消耗すれば補充するという着回しだったのです。つまり、いつ誰に会っても、完璧に同じスタイルの「ジョン・ロックフェラー」像を構築しており、決してブレることがありませんでした。
※この事実はネット情報にはありませんが、実際にさまざまな文献に見られます。必ずしもネット情報が、全てを伝えるわけではありませんので悪しからず(筆者)
とはいえ、スティーブ・ジョブズも金融機関を訪れる時は、クラシコイタリアの一流どころ「ブリオーニ」のスーツを見事に着こなす男前ぶりだったといわれています。ジョン・ロックフェラーであっても、マイアミビーチにダークスーツを着ては行かなかったでしょう。
でもそれが意外に思えるくらいに、徹底したイメージを築き上げたことは驚嘆に値します。

自分らしさを表現するスタイルを見つけよう

将来外資系IT企業に転職したいと考えているみなさんは、スーツも含めてファッションそのものが自分らしさを表現するものと捉えるのがよいでしょう。
その結果スーツがあなたらしいのならそれもアリといえます。

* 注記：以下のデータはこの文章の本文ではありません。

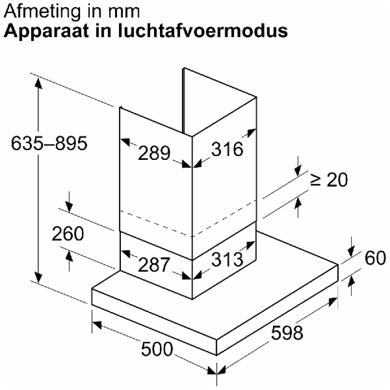 BOSCH DWB63BC30 - Afzuigkap (Muur bevestigde kap) - breedte 60 cm - 400 m³/h - 67 dB(A) Afzuigsysteem van bovenaf

スポーティなカジュアルスタイルがあなたらしいのなら、それがあなた自身のスタイルに相応しいでしょう。
そして、「ここぞ!」という時のために、文字通り「一張羅」として上質なスーツを1着は持っておきたいものです。

まとめ

これから外資系企業で働くみなさんに向けて、外資系企業の代表的な業界別に、スーツスタイルに関して触れたうえでスーツの選び方をご紹介しました。各業界のカルチャーが仕事の服装にも反映していて、ある意味わかりやすいともいえるでしょう。
また、スティーブ・ジョブズやジョン・ロックフェラーのような一流の人たちの服装哲学も、それを真似る必要はありませんが、大いに参考になるのではないでしょうか。
ここでご紹介した情報もぜひ参考にしていただいて、あなたの個性を活かせて、なおかつ業界風土に馴染むスーツスタイルを見つけてください。